Task requirements: Keep the images out and set the listing below down word for word.

Data segment:
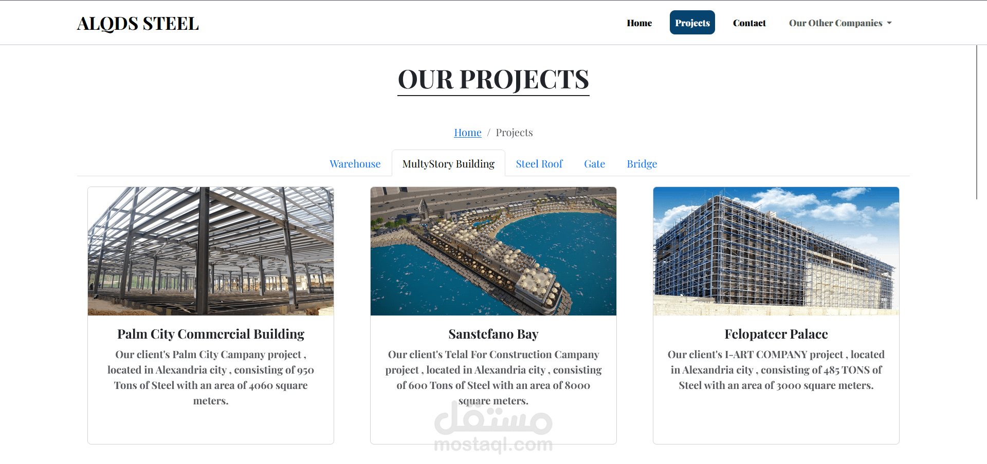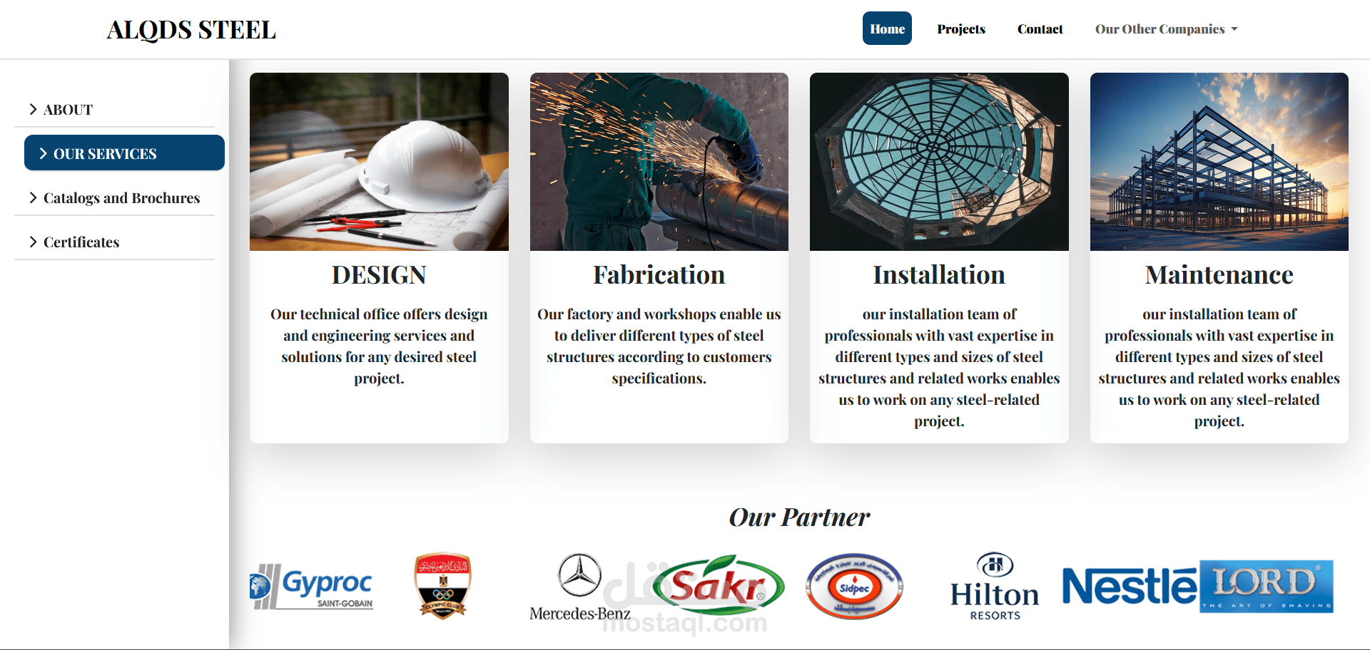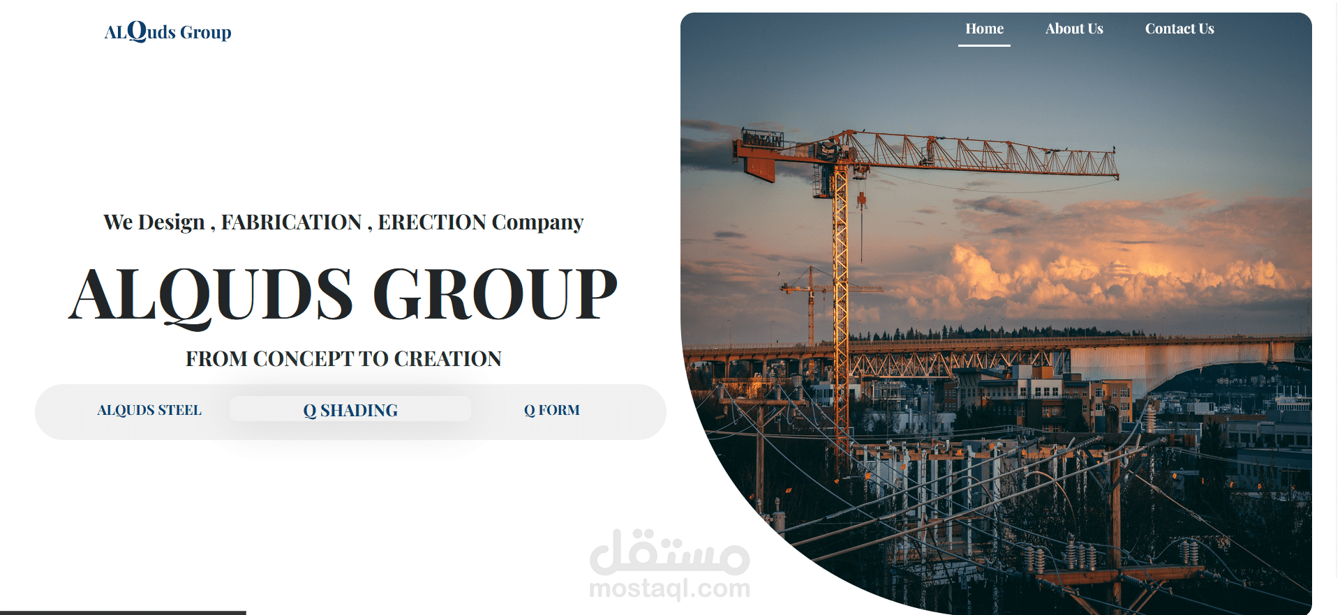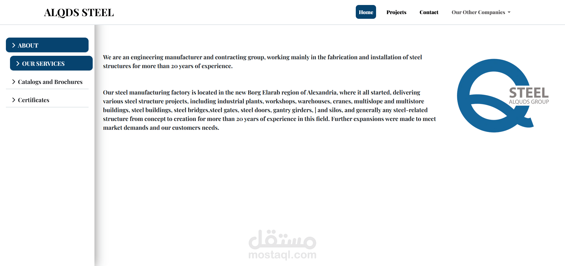 هذا المشروع هو موقع إلكتروني متكامل لمجموعة القدس (ALQUDS GROUP)، وهي شركة متخصصة في تصميم وتصنيع وإنشاء الهياكل الحديدية. تم تطوير الموقع باستخدام إطار عمل Angular لإنشاء واجهة أمامية ديناميكية وسريعة الاستجابة.
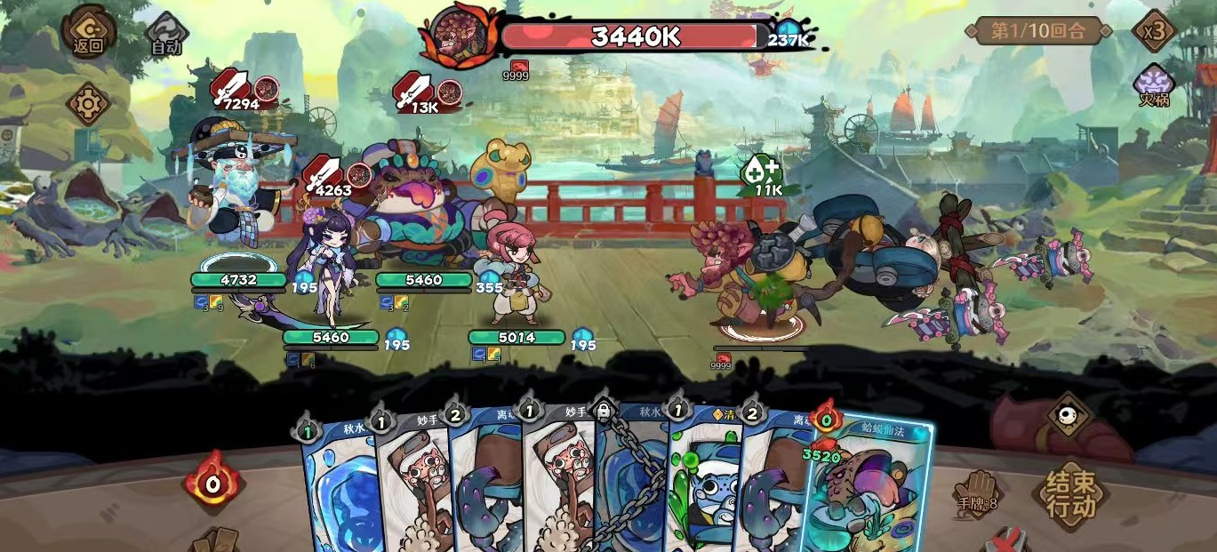 风陵渡的整体强度定位明确——它并非单纯堆叠血量或防御的“站桩型”副本,而是以机制驱动为核心的设计逻辑。其难度层级可对标鬼事篇中的冥石坊,但各项机制均进行了显著强化:BOSS具备高频反击、强制自爆、阶段复活及持续回血等多重交互行为。特别需注意的是,输出节奏一旦失控(例如单回合伤害过高),极易触发连锁机制响应,导致团灭。因此,本副本的通关关键不在于极限DPS,而在于节奏控制、生存续航与机制规避三者的协同。前期推荐采用自动剑魔流过渡,该配置可稳定推进至无尽模式第30重天;后续则需切换为毒队体系承接终局压力,而剑魔阶段正是多数新手建立认知、积累经验的首要环节。
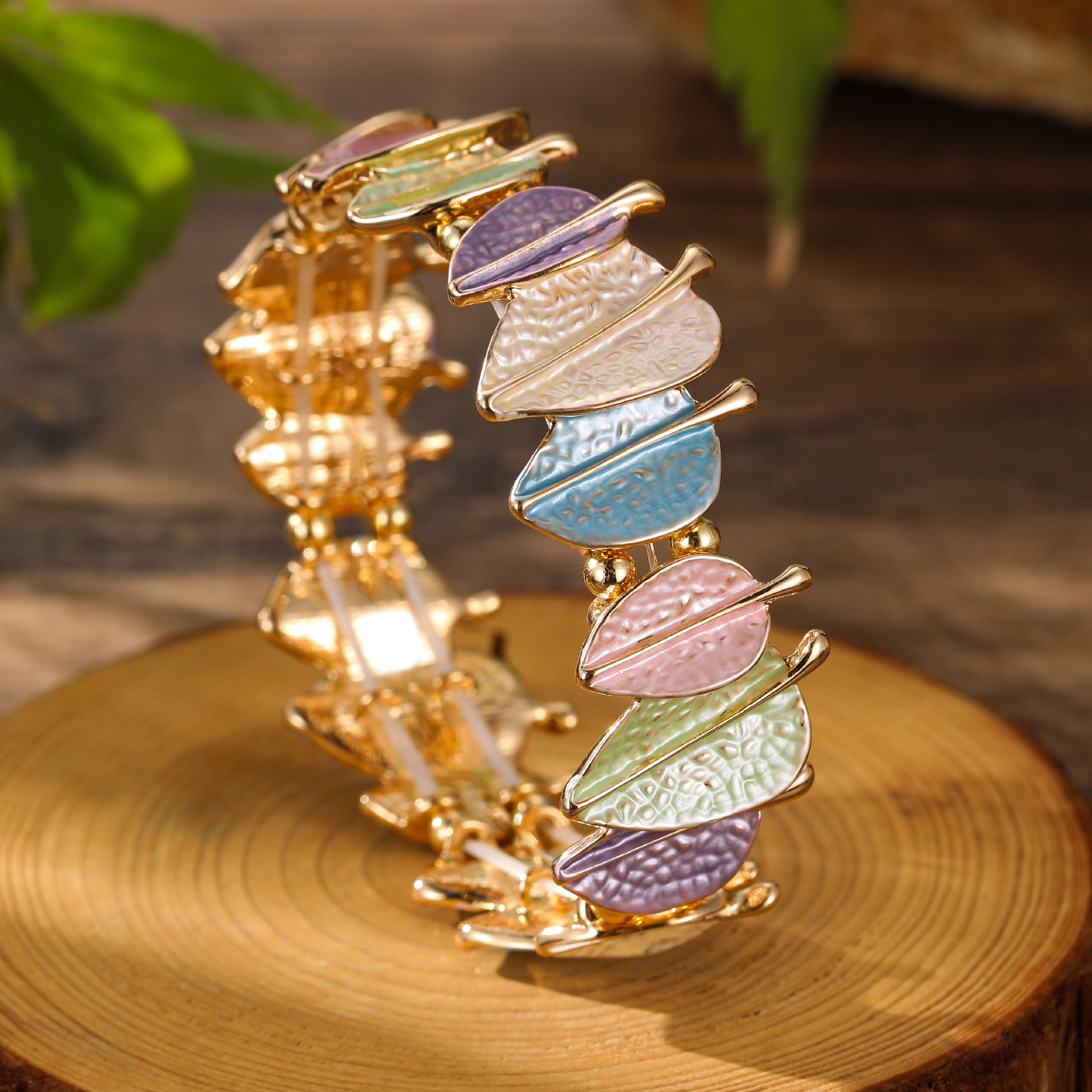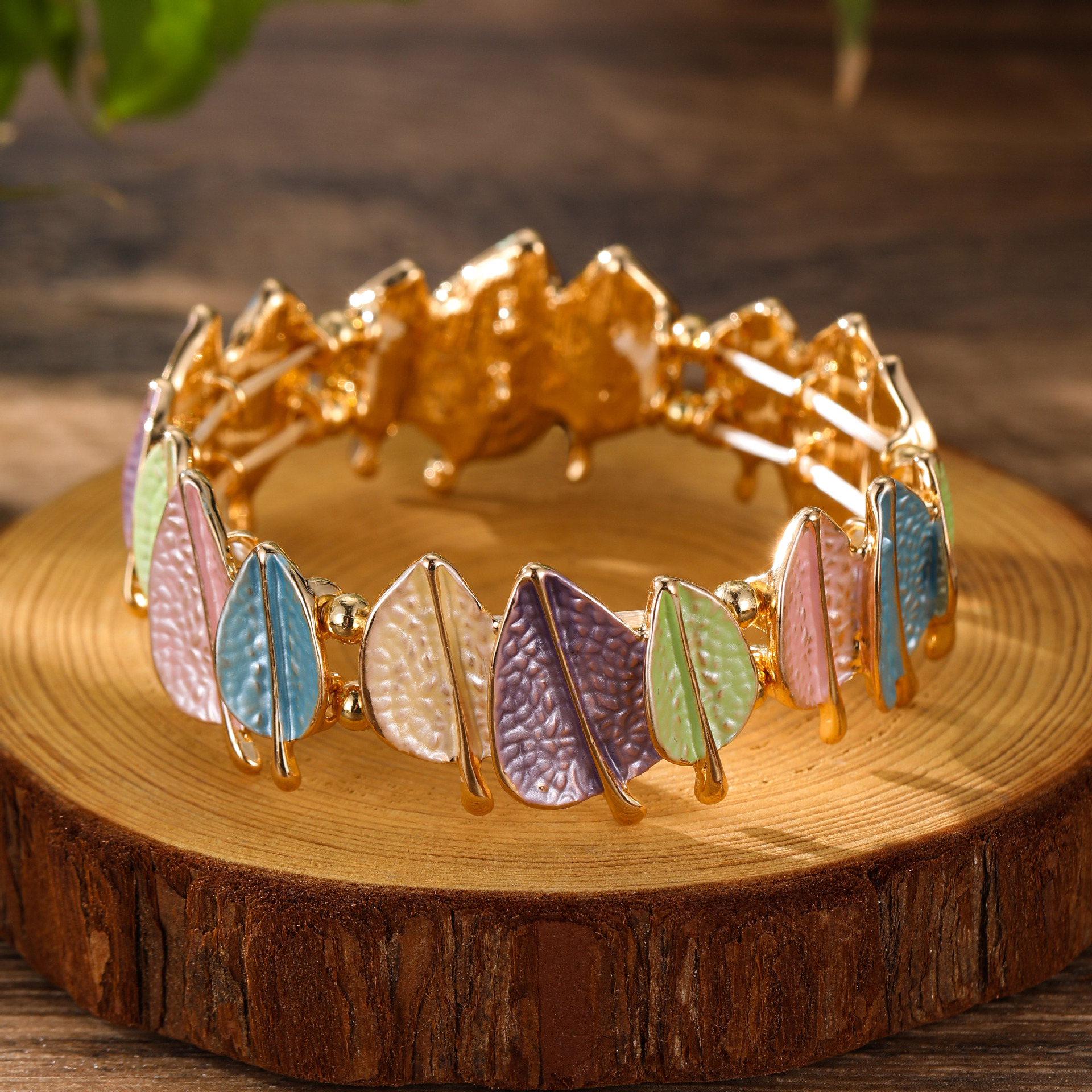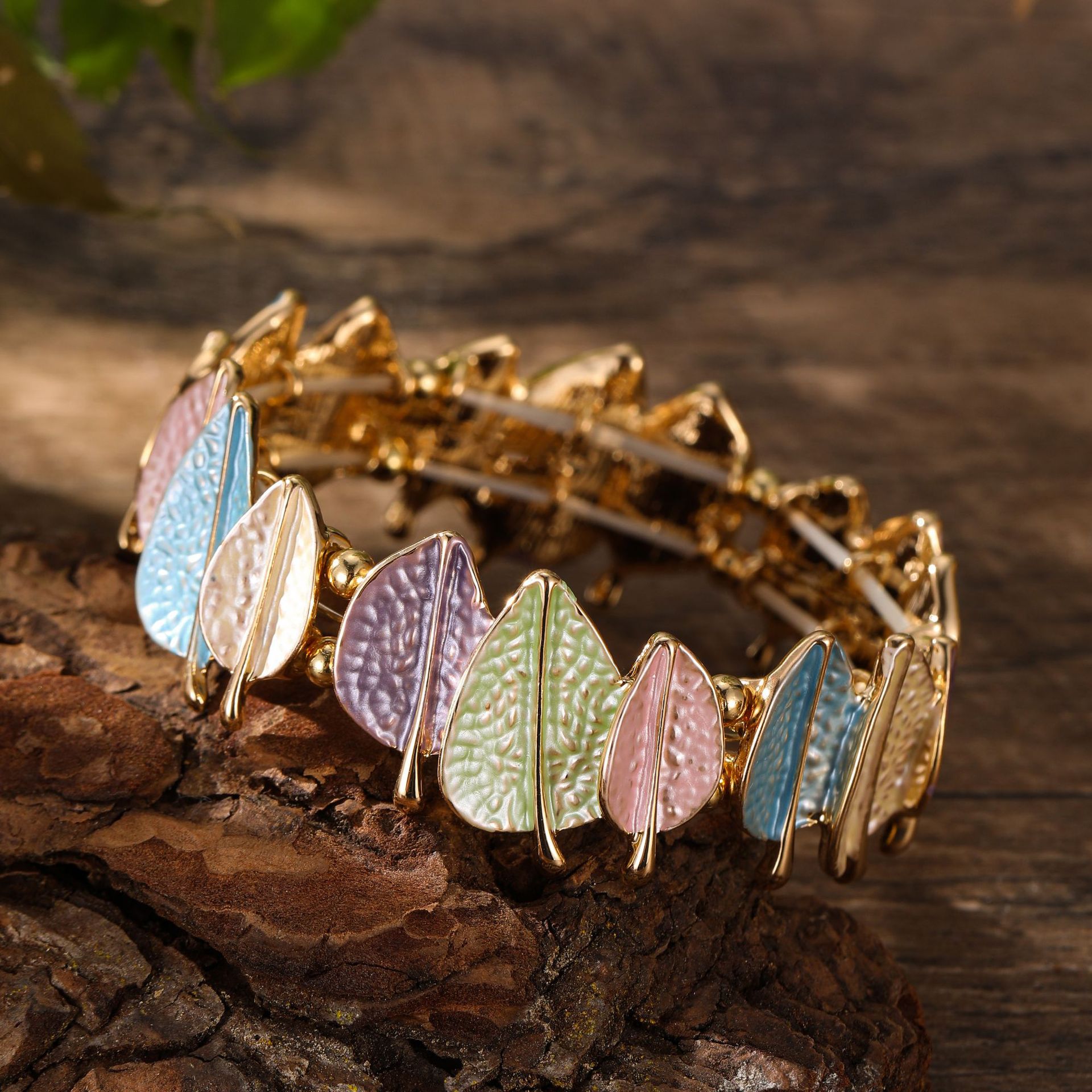spring colored leaves elastic bracelet-gold

Your solution:
 هذا المشروع هو موقع إلكتروني متكامل لمجموعة القدس (ALQUDS GROUP)، وهي شركة متخصصة في تصميم وتصنيع وإنشاء الهياكل الحديدية. تم تطوير الموقع باستخدام إطار عمل Angular لإنشاء واجهة أمامية ديناميكية وسريعة الاستجابة.
 风陵渡的整体强度定位明确——它并非单纯堆叠血量或防御的“站桩型”副本,而是以机制驱动为核心的设计逻辑。其难度层级可对标鬼事篇中的冥石坊,但各项机制均进行了显著强化:BOSS具备高频反击、强制自爆、阶段复活及持续回血等多重交互行为。特别需注意的是,输出节奏一旦失控(例如单回合伤害过高),极易触发连锁机制响应,导致团灭。因此,本副本的通关关键不在于极限DPS,而在于节奏控制、生存续航与机制规避三者的协同。前期推荐采用自动剑魔流过渡,该配置可稳定推进至无尽模式第30重天;后续则需切换为毒队体系承接终局压力,而剑魔阶段正是多数新手建立认知、积累经验的首要环节。
spring colored leaves elastic bracelet-gold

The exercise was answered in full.